Washington Gov. Jay Inslee uses a red pen to veto sections of the state operating budget in 2019 at the Capitol in Olympia. (AP File/Ted S. Warren)

Washington Gov. Jay Inslee uses a red pen to veto sections of the state operating budget in 2019 at the Capitol in Olympia. (AP File/Ted S. Warren)

Governor’s 12-word veto went too far, Supreme Court rules

Jay Inslee vetoed a single sentence in a transportation budget. The state’s highest court said that wasn’t legal.

OLYMPIA — Gov.

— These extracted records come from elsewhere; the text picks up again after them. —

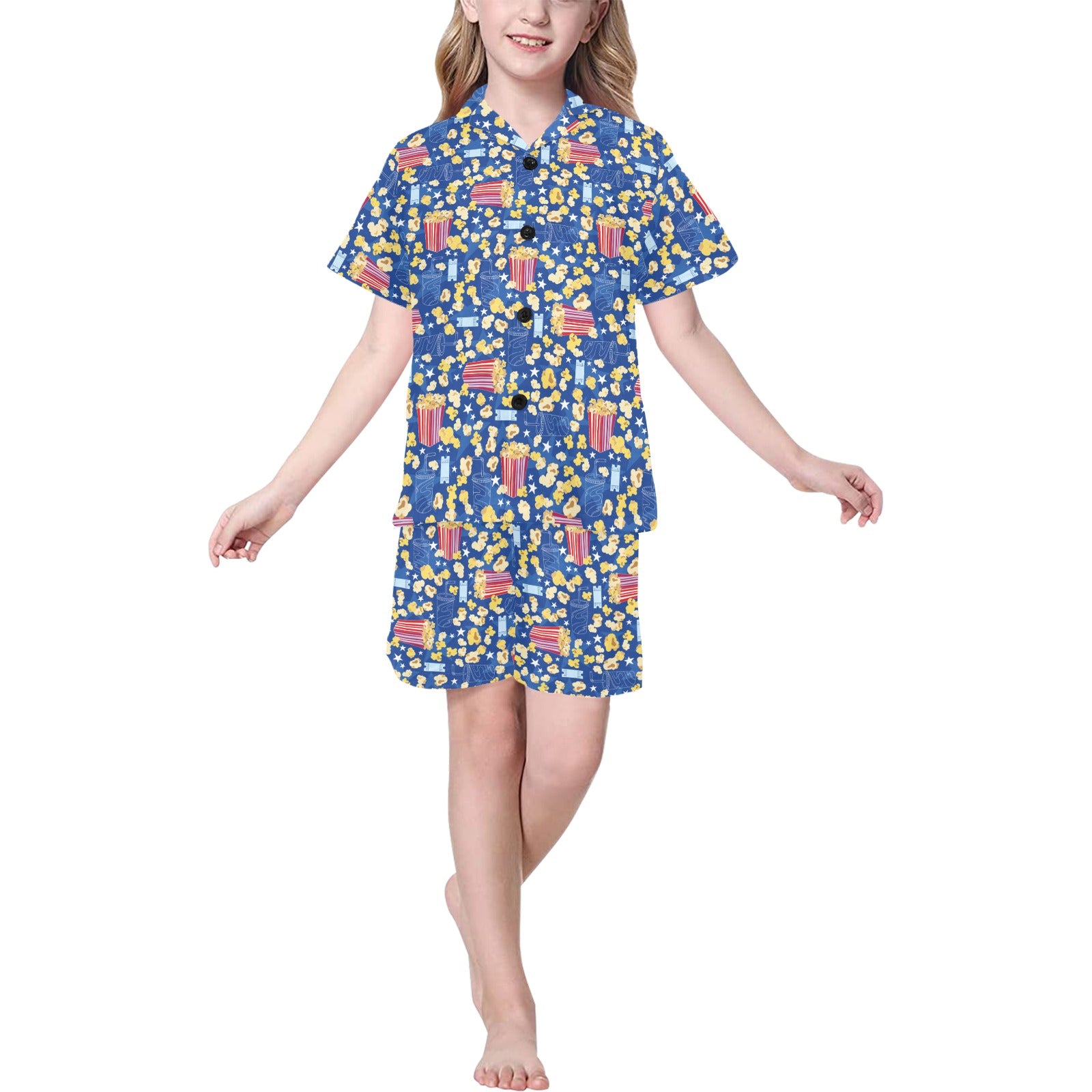 Popcorn Pattern Print Design 01 Kids' Boys' Girls' V-Neck Short Pajama Set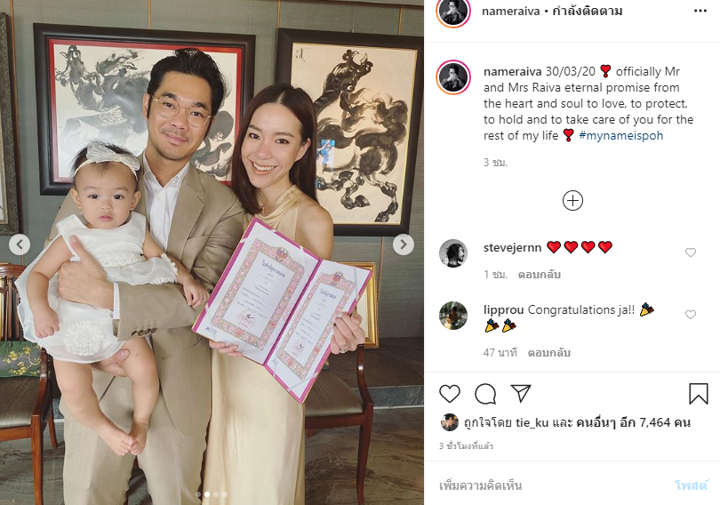 "30/03/20 officially Mr and Mrs Raiva eternal promise from the heart and soul to love, to protect, to hold and to take care of you for the rest of my life #mynameispoh" (30/03/20 นายและนาง ไรวา อย่างเป็นทางการ สัญญานิรันดร์จากหัวใจและวิญญาณที่จะรัก ปกป้อง และดูแลคุณตลอดชีวิตของผม)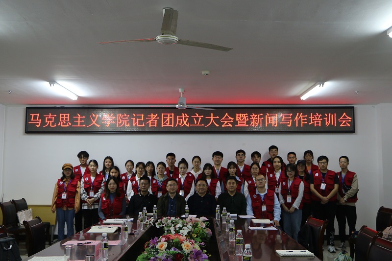 段捷频在会上讲话。他指出,在“两个一百年”奋斗目标的历史交汇期、全党深入学习贯彻党的十九届五中全会精神的重要时期、Beat365唯一官方网站内涵发展升级转型期的关键时候,马院记者团的成立具有特殊的意义。他从学院党建工作、专业建设、课程建设、队伍建设、教学成果、人才培养等方面回顾了学院在“十三五”期间取得的丰硕成果,希望记者团成立后在宣传学院建设发展、提升学院的社会影响力方面积极发挥作用。他代表学院党委就加强学院的记者团建设和新闻传播提出了四点要求,一是要全心全意为广大师生服务,积极宣传中央、省委和校党委的重大决策部署,宣传党的十九届五中全会精神,宣传学院先进典型,深入挖掘广大师生的身边的模范事迹;二是要坚持正确的政治方向和正确的舆论导向,牢牢守住马克思主义意识形态阵地,弘扬主旋律,传播正能量;三是要坚持新闻的真实性原则,使报道准确、全面、客观;四是要加强学习,积极投身实践,提升综合素养,不断增强脚力、眼力、脑力、笔力“四个力”,积极宣传社会主义核心价值观。最后,他宣布Beat365唯一官方网站记者团正式成立。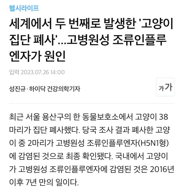 조류인플루엔자 돌연변이 바이러스가 포유류에게 전염 후 집단폐사된 사례라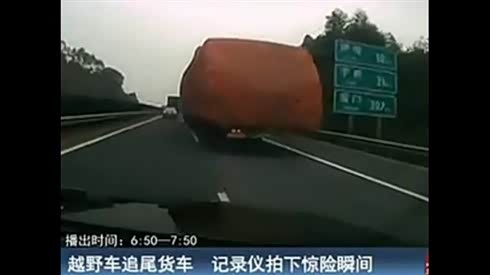 监控实拍:奥迪越野车追尾大货车惊险瞬间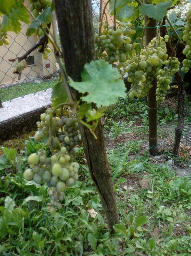 Inizialmente non li ho contati poi ho visto che erano 10. L'ingordigia e l'inesperienza hanno avuto il sopravvento. Mentre s'andava avanti scopro alcuni giorni fà alcuni grappoli affumicati leggermente da una velatura grigia...forse muffa. Non li ho fotografati ma li ho tagliati e gettati. Adesso vedo un ingrigimento generale che quasi non si vede ma, c'é. Posto due foto, una diretta ai grappoli ed una allo stato generale della vite. Le foglie mi sembrano in salute. Il tempo non é stato piovoso. Ho fatto i trattamenti rameici. Ho notato gli acini piccoli che non crescono per i motivi che sono stati detti prima. In definitiva i grappoli adesso non vanno avanti con la maturazione e chiedo cosa possa essere quella specie di fumaggine che ho accennato. Cosa si può fare? Grazie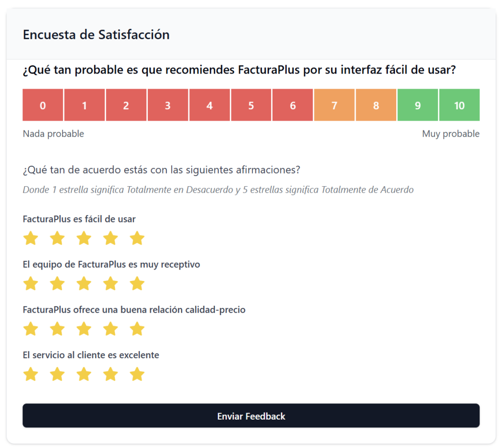 1. Pregunta NPS principal: «En una escala del 0 al 10, ¿qué tan probable es que recomiendes FacturaPlus a otros negocios?»

Jay Inslee exceeded his authority in 2019 when he vetoed a 12-word sentence in the state transportation budget, the state Supreme Court ruled Wednesday.

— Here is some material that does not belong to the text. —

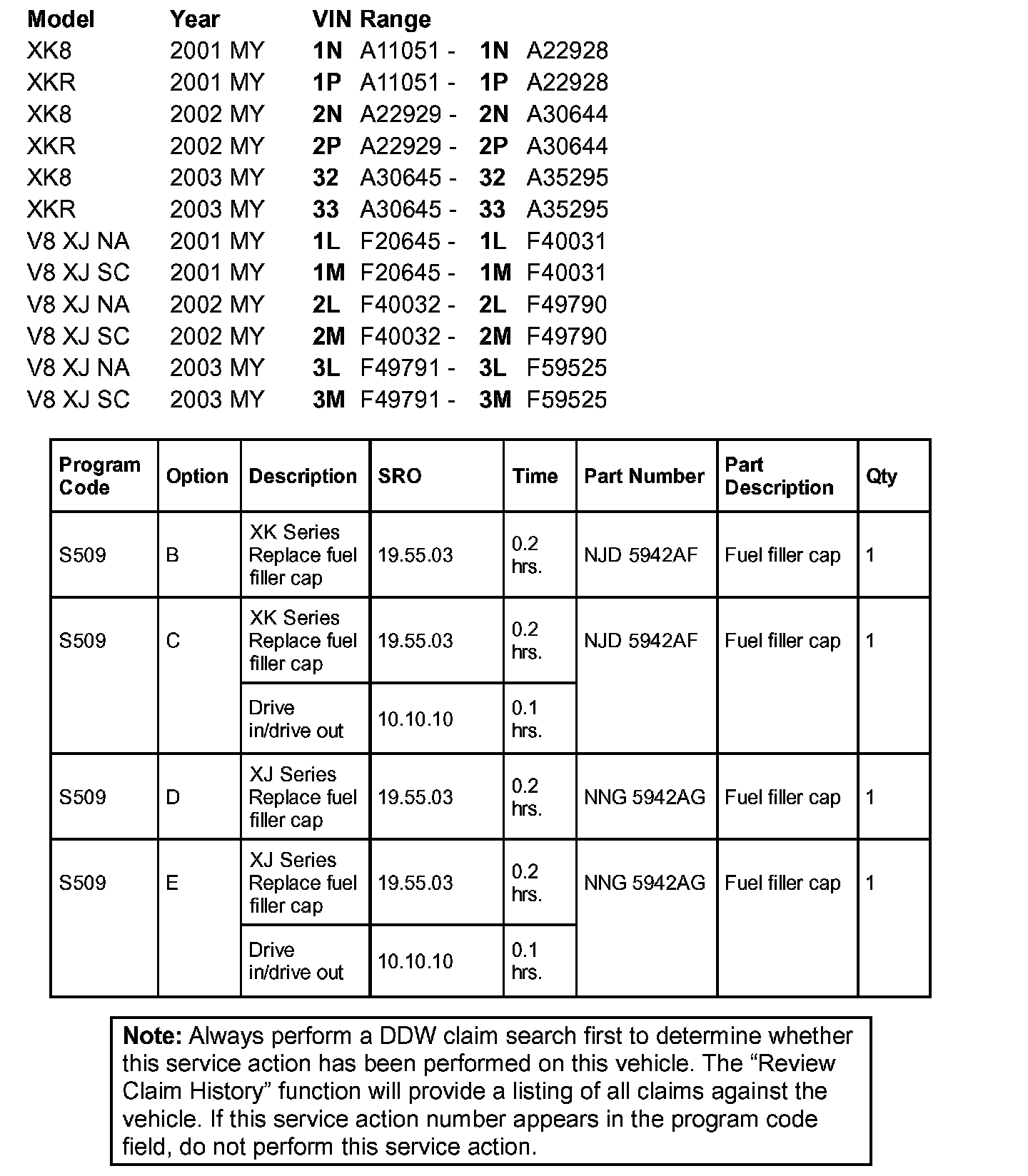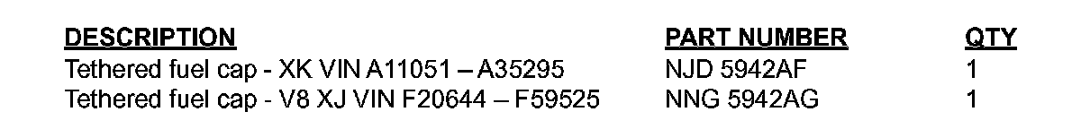 Install a revised fuel filler cap of all 2001-03 MY V8 XJ Series and XK vehicles within the above VIN ranges after verifying that the service action has not been completed on the vehicle in question.

The 7-2 ruling is a win for the Legislature, which sued the governor, asserting Inslee crossed a constitutional line separating his power to veto from its power to legislate when he deleted from the spending plan a sentence regarding grants for transit services.

And the court’s decision affirms a Thurston County judge’s ruling last year that invalidated the vetoes, concluding those actions exceeded the veto powers accorded Inslee as the state’s chief executive.

In Washington, governors can veto entire bills. They also can cross out entire sections of legislation. But they are not authorized to veto less than an entire section.

Inslee cut the line, which deals with grant funding for transit agencies and appears seven times in the document, saying it effectively amended existing law. He contended the state constitution requires such a revision be done with a separate bill.

Lawmakers contended it did not change any existing laws and if the governor had wanted it out, he needed to remove each subsection in which the disputed line appeared.